We’ve written that it’s not quite true that we know nothing about “the other side” of this global pox, and currently holding the pole position among things we abruptly realized will look different is that as of, say, 10 weeks ago, we all were used to large-scale, grand and frightfully expensive office space because, well, because we were used to it—and now we realize we had only the most tenuous grasp of why that should be the case.
“The office” will never be the same.
I’d be surprised if any of our thinking readers doubts this, but here’s a wide range of observations on this topic. According to a comprehensive article in The New York Times earlier this week:
- Facebook and Google have extended their WFH policies through the end of this year, Microsoft through at least the end of October.
- Twitter told all its employees a few days ago that they could work remotely “forever” if they want to and their position allows for it.
- James Gorman, the CEO of Morgan Stanley, said the company had “proven we can operate with no footprint. That tells you an enormous amount about where people need to be physically.”
- At the investment bank Jefferies, the firm’s C.E.O., Rich Handler, and president, Brian Friedman, wrote in a memo to staff. “We will not be bringing anyone ‘back’ to work because, as best as we can tell, none of us has stopped working.”
- “In Hong Kong there have been no cases for three weeks so we’re also thinking about moving back,” said [Wim] Dejonghe [global managing partner of Allen & Overy]. “But there is no need for any of our people to return to the office. There are very few people in these offices and it’s voluntary.”
- Eversheds just announced that it will be repurposing a substantial portion of its real estate spend to technology.

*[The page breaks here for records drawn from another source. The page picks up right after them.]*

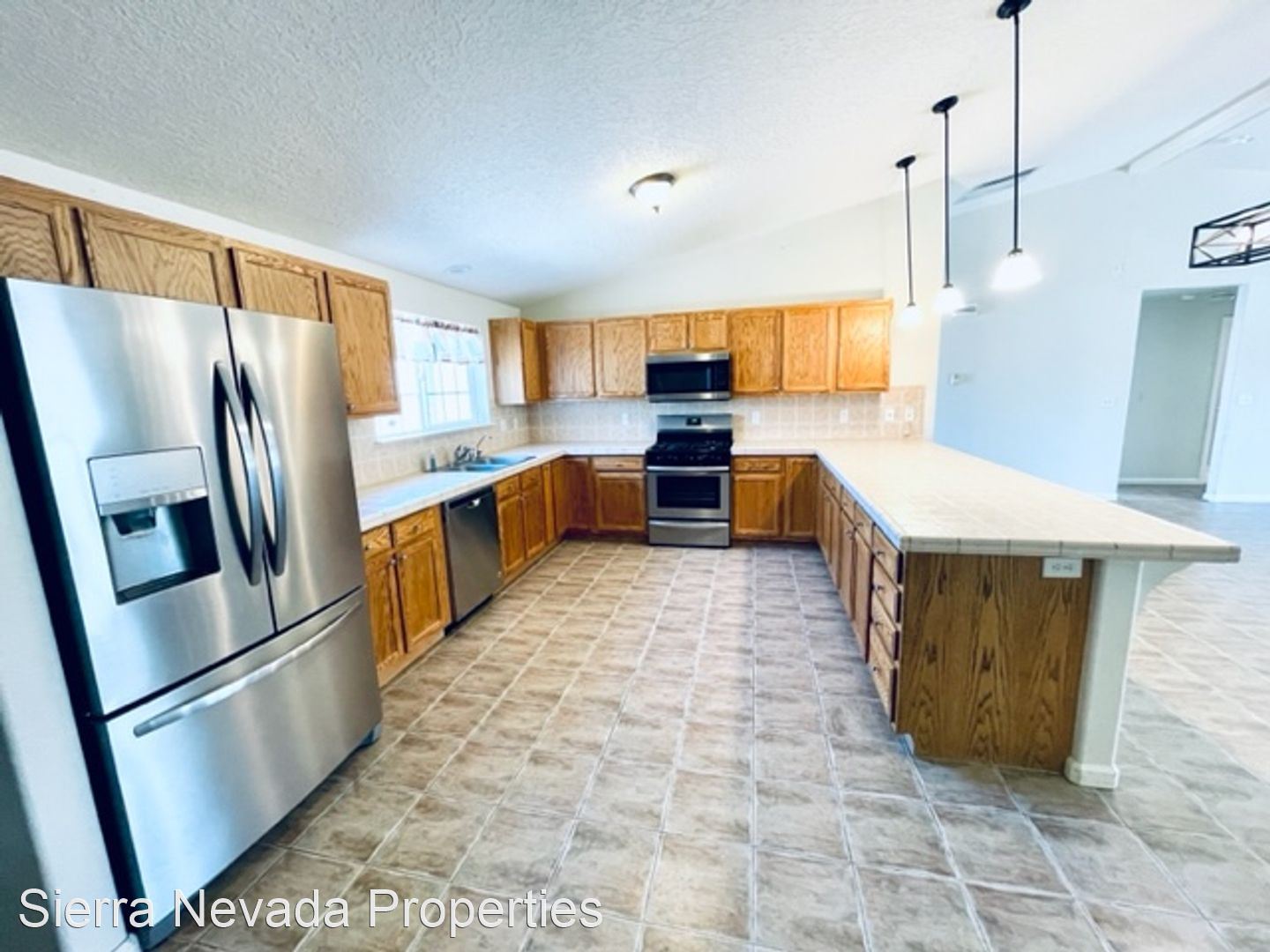 4 bed, 2 bath, 3 car garage with a big yard - 4 bedroom, 2 bathroom, 3 car garage, gorgeous kitchen with tons of counter space, breakfast bar, tile flooring through out except for the bedrooms have carpet. Comes with washer, dryer and newer refrigerator, central vacuum. Large patio in back, and additional patio area in front, raised garden box, exterior paint is newer, interior paint is new.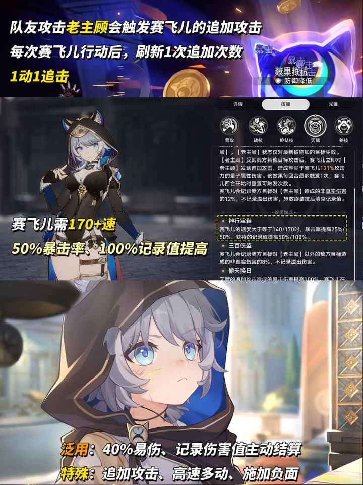 【多动机制】赛飞儿有1次追加攻击机会,在我方攻击老主顾时立即触发,轮到赛飞儿回合开始时刷新可用次数。大致可理解为,1动1追击,此伤害额外提升100%暴击伤害,算是除终结技外的主要输出了。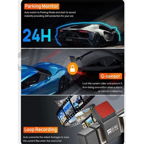 Kingline Gps'li A3 Model 4K Araç Kamerası 3 Kameralı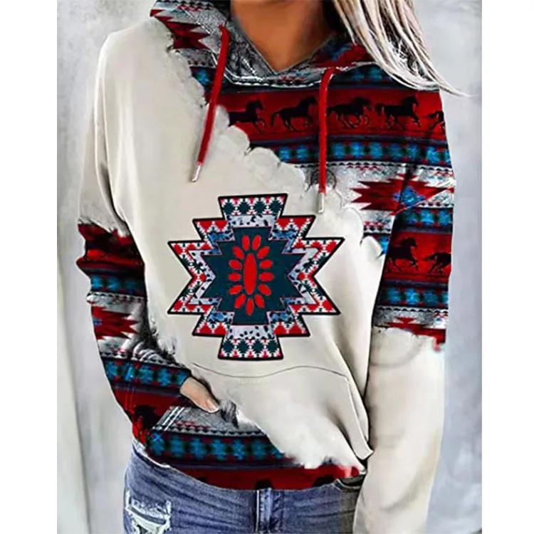 Женские толстовки, Повседневный пуловер с принтом в фольклорном сти...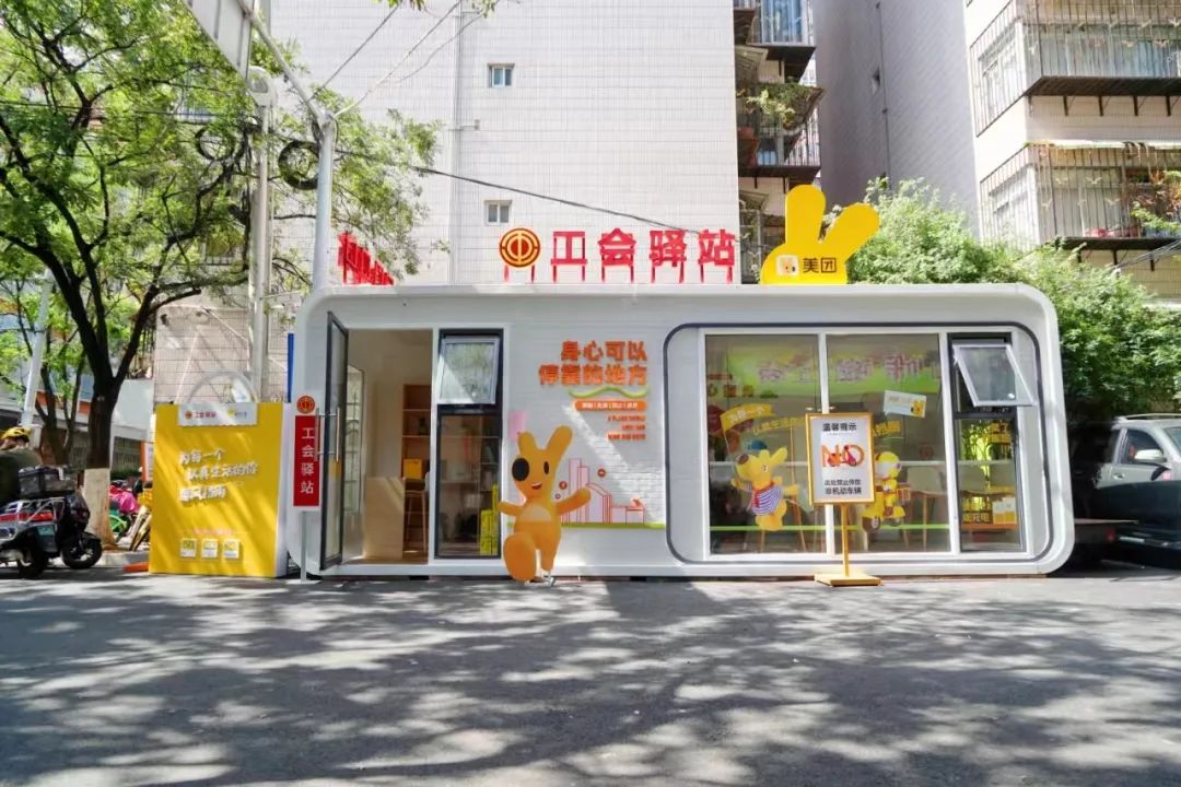当然,富春街工会驿站的独特之处不仅仅局限于外观,而是它的共建机制。五华区大观街道总工会与美团云南总部签订共建协议,将工会驿站和美团职工服务驿站有机融合,通过资源整合、形成合力,共同打造云南首个“工会+头部平台企业”共建的工会驿站。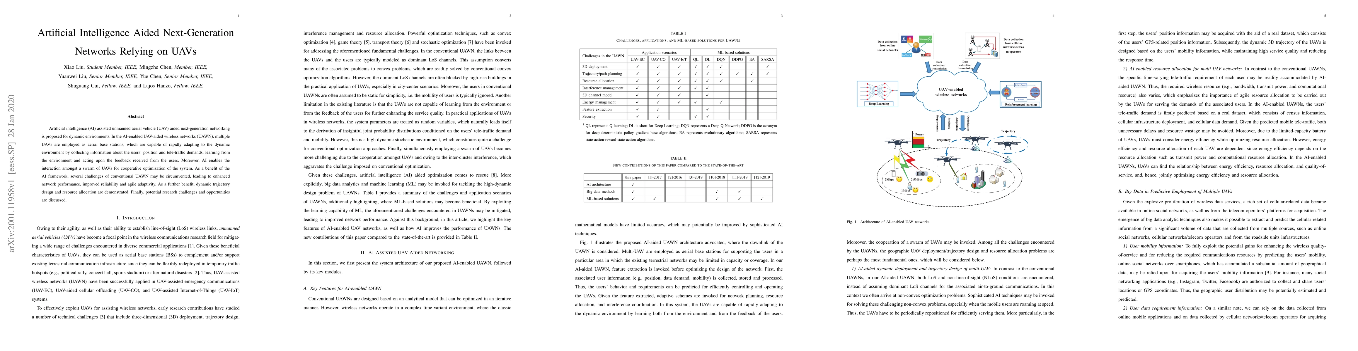 A new network system using AI-assisted UAVs is proposed to improve performance in dynamic environments. The system uses multiple UAVs as base stations that can adapt to changing conditions with the help of AI technology.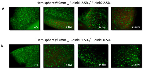 Structurally, bioinks were remained intact and easily manipulated throughout the duration of the culture (21 days). The cells showed optimal viability (95%) up to about one week of culture, in the following weeks the viability decreases to 85% up to day 21 of culture (Figure 6). This is likely caused by the prolongated culture period, the bioinks’ compact nature and the size of the 3D structure (hemispheres with a diameter of 9 and 7 mm). This last condition could influence the adequate transport of nutrients (and waste substances).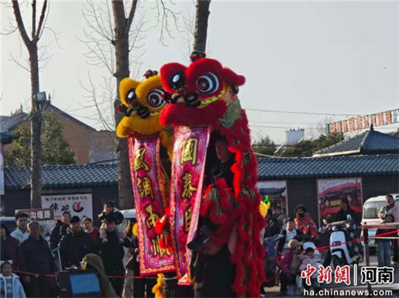 图为舞狮表演吸引游人拍照打卡。李海珠 摄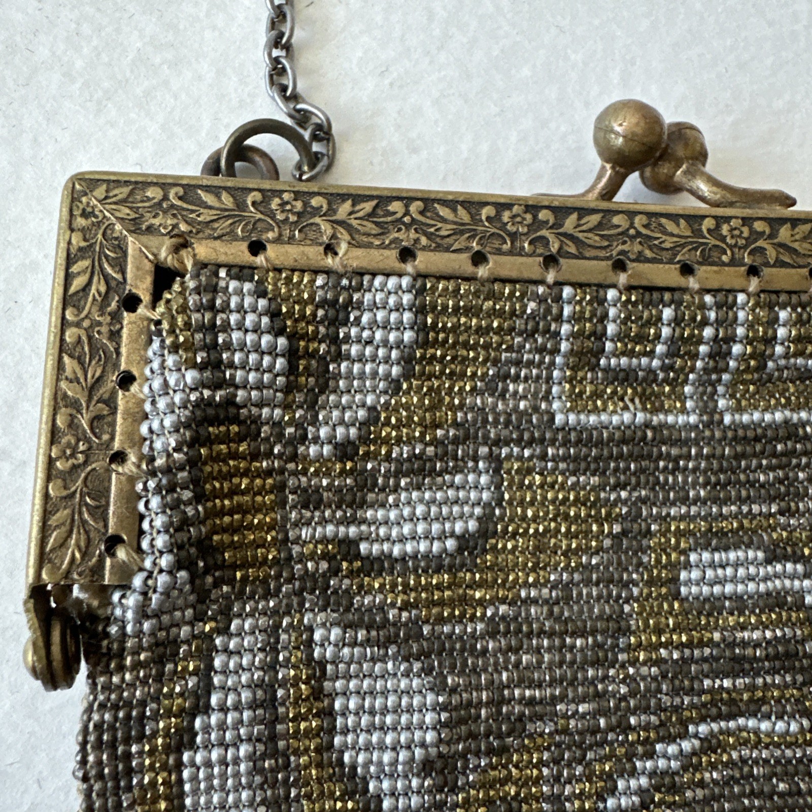 как выглядит antique French Micro beaded purse Gold Silver Tones Fringe Evening Flapper фото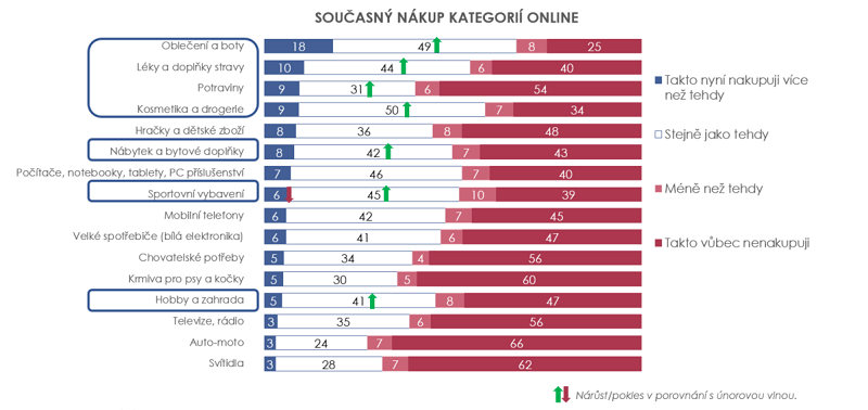 Počet lidí, kteří v Česku nakupují online, se zvyšuje i po znovuotevření kamenných prodejen. Podle šesté vlny výzkumu Jak se Češi změnili v době koronakrize od výzkumného oddělení OMG Research, nakupovalo letos v červnu online víc než dřív 50 % lidí. U žen je nárůst online nákupů vyšší než u mužů. Na druhou stranu u 40 % lidí nevedla pandemie covid-19 k vyššímu množství jejich uskutečněných online nákupů. Tito lidé nakupují online stejně jako nakupovali dříve. Covid nejčastěji neměl vliv na množství online nákupů u nejstarší věkové skupiny a u jednočlenných domácností.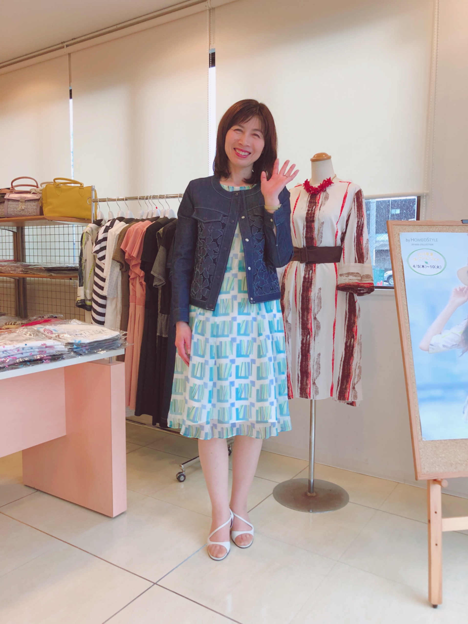 昨年ご購入いただいたシルクシフォンプリントワンピースに、大人気!今年のオパールデニムジャケットを合わせて。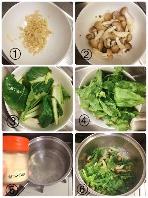 しめじと野菜の生姜スープ(小松菜レタスしめじ生姜)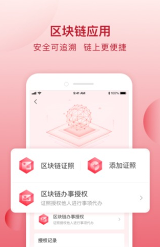 6、区块链办事:基于区块链技术,办事人无需携带相关证照原件,扫脸即可进行常用事项的办理,也可授权他人代办。办事环节信息“上链”,全过程留痕可追溯,办事更简单、服务更安全。

- And finally, for unmatched brevity, we offer the response of an AmLaw 10 COO in response to partners’ pestering about when the firm’s offices might reopen: “What’s the rush?”
The lone dissenting voice came wanly and unconvincingly from Steven Roth, chairman of Vornado Realty Trust, one of the largest commercial landlords in New York: “We do not believe working from home will become a trend that will impair office demand and property values. The socialization and collaboration of the traditional office is the winning ticket.”
If nothing else, this proves how remarkably adaptable human beings are. So adaptable, in fact, that we are already at risk of forgetting how quickly we have all adopted brand-new views on this, essentially opposite the conventional wisdom ca. March 1st. According to an unsourced Managing Partner Forum survey, “90% of managing partners said they believed that working remotely reduces productivity.” Quite the reverse: Actual experience during the lockdown has been zero dropoff at worst and measurable improvements at best.
So the real-estate genie is out of the bottle; maybe there are others ripe for release?
But those are other columns; this one is about the office.